Though that was the last thing I wanted to have, I had to do it. Ignoring it can cause more drama than, let alone having it, I finished the discussion and headed to find my book. I picked up the book I was reading and, after 15 minutes, got a call from my best friend. Sometimes, talking to friends gives you the relief you are seeking. I picked up the call, and we started talking. She started a conversation about her boyfriend. I started to roam around as my mom was arranging some clothes in the almirah.
I climbed upto the terrace, and we talked for almost half an hour. We were interrupted when my mom came there to ask, “Why did I come here?” I simply shrugged, she asked again, and I bombarded, “I need my personal space yaar, why can’t you get it here?”.She snarled, “What you even talking so secretly that have to go in corners and what do you need your space for?”
In the heat of the moment, I told my friend to call later, and I kept that argument on for five minutes. Of course, it never ends on a good note, so I left home for my evening walk instead of completing my book-reading session. I’ve been thinking my whole way, “How is personal space linked to some secret mission only? I feel personal space is mandatory in marriage as well.”
Lost in my mess of thoughts, I circled in the garden with songs playing along in my headphones. I called my bestie again, she picked up the call and started with “Shaant ho gya bheem?” Implies as if I’m calm now. I replied, “Yeah, somewhat”.

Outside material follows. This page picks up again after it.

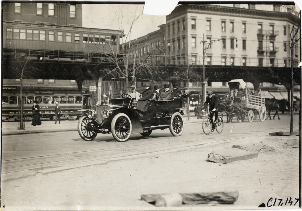View of man riding bicycle behind motorists in car on street in New York, New York. Streetcar, horse-drawn wagon and elevated train in background. Handwritten on back: "N.Y. streets, '09. Streets, 1909."
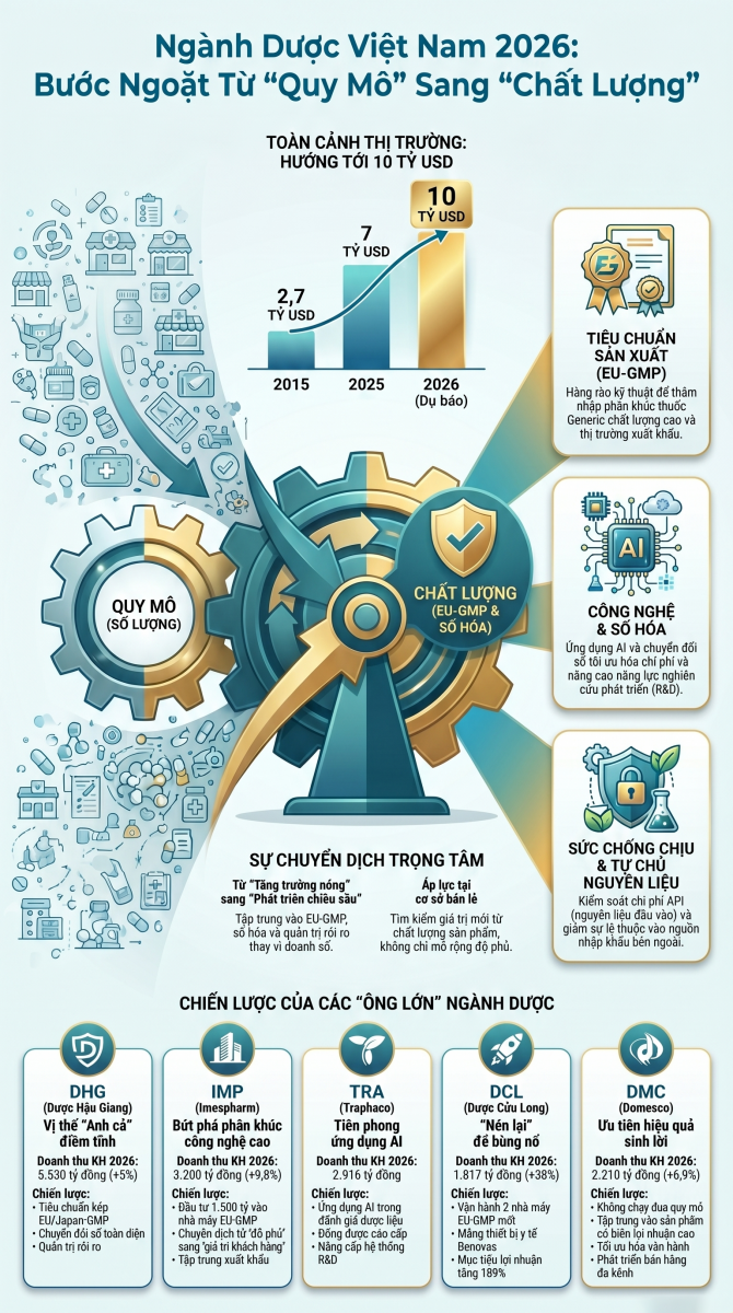 Bước sang năm 2026, thị trường dược phẩm Việt Nam không chỉ chứng kiến sự bùng nổ về quy mô mà còn đánh dấu một bước ngoặt quan trọng trong tư duy quản trị. Thay vì chạy theo tăng trưởng nóng bằng mọi giá, các doanh nghiệp đầu ngành đang chuyển mình mạnh mẽ sang mô hình phát triển chiều sâu, lấy tiêu chuẩn chất lượng quốc tế và năng lực số hóa làm "hàng rào" cạnh tranh.

Though she lives in some other town away from her parents, when she comes, the scene is the same at her place as well. We just don’t understand why our parents do that, why do they want to know every detail about whom you are talking to, what you are talking about, and then pass judgements on the whole conversation, if shared? I think each one of us share some conversations with our friends or loved ones about which we simply can’t talk to everyone and that’s not only the conversations with the partner. We spoke at length about why our parents do it and couldn’t find the perfect answer.
There’s actually no right and wrong answer for this whole situation. I feel the challenge is the place where they come from and the generation that followed our parents. Somehow, there is little to no understanding of “personal space.” They believe you only need personal space with your partner. Which is the fact but you need personal space with your friends as well.

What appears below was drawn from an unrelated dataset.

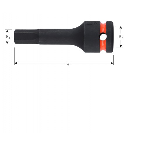 Krachtdop voor bouten met binnen-zeskant, voorzien van binnenvierkant-aansluiting volgens DIN 3121/ISO 1174.
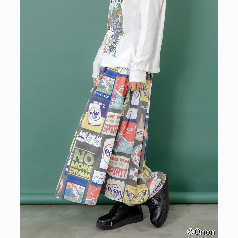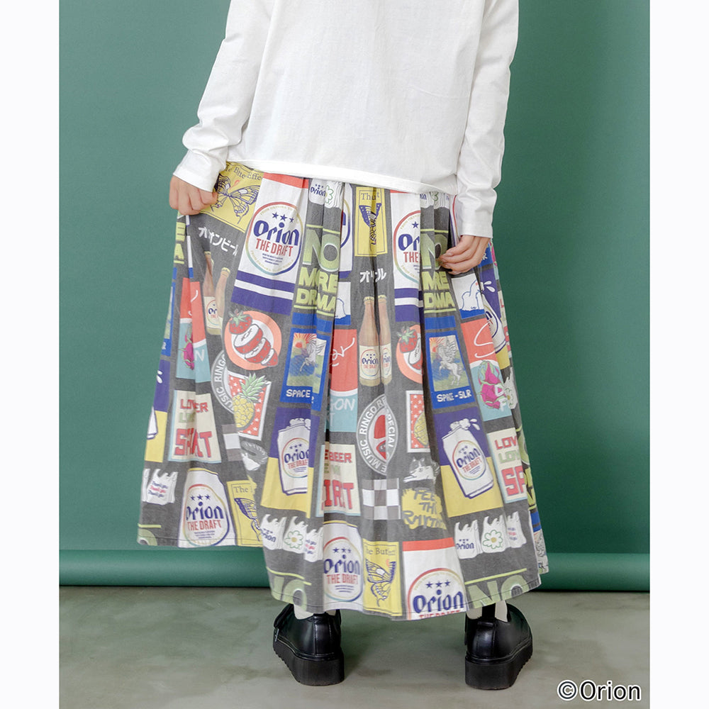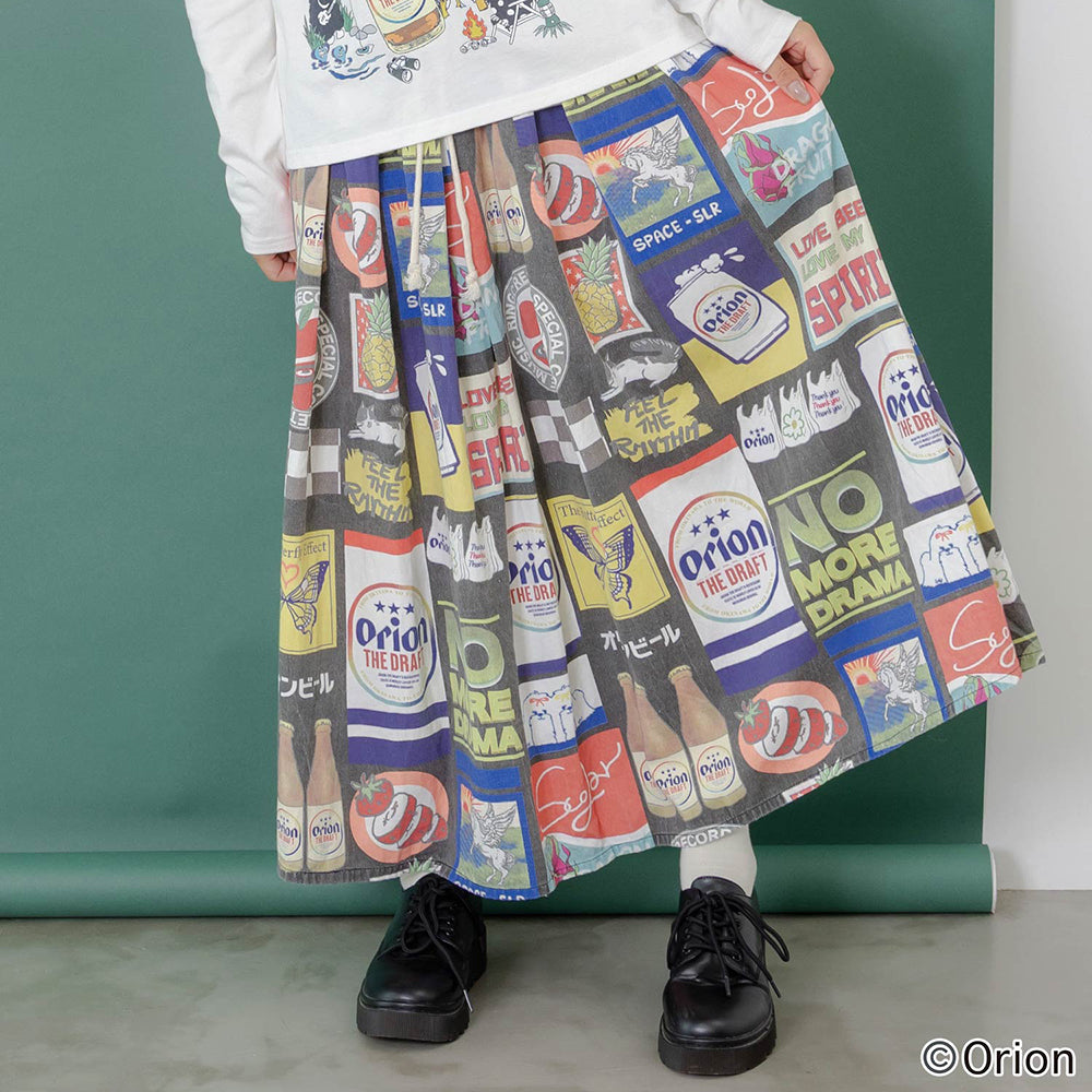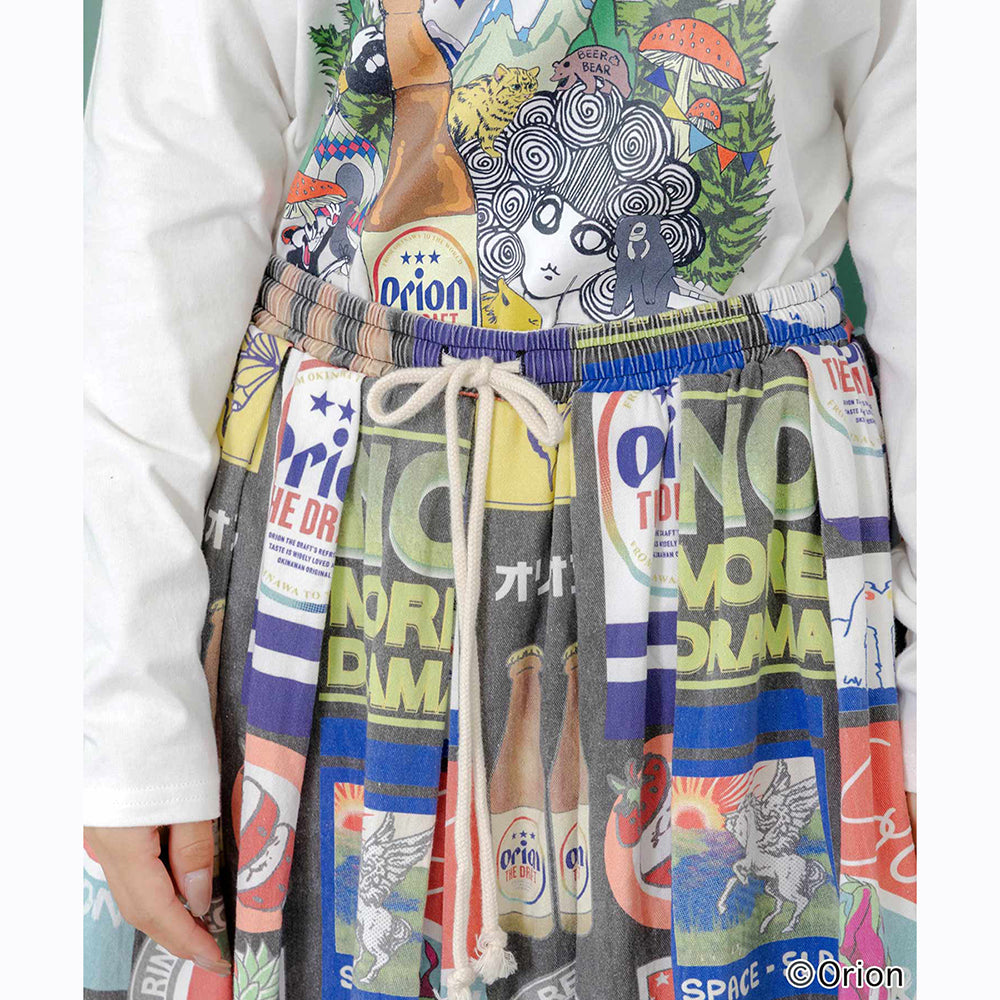オリオンビールやスカラーらしいポップなモチーフをコラージュした、アートなカラフルスカートが登場!

When I went deep into the thought, I realised they weren’t wrong either because that’s how they lived their life. How else can you give all folks personal space when living in compact 1BHK homes with walls as thin as paper? Of course, it’s been tricky then. Now, our whole concept of personal space seems alien to them!
Strange, but at such times, with these thoughts, you can’t get angry at your parents, and neither can you give up on your thoughts. You simply sit clueless thinking what can be the middle way from here. At times, you may get it or prefer to leave such conversations on time, as is.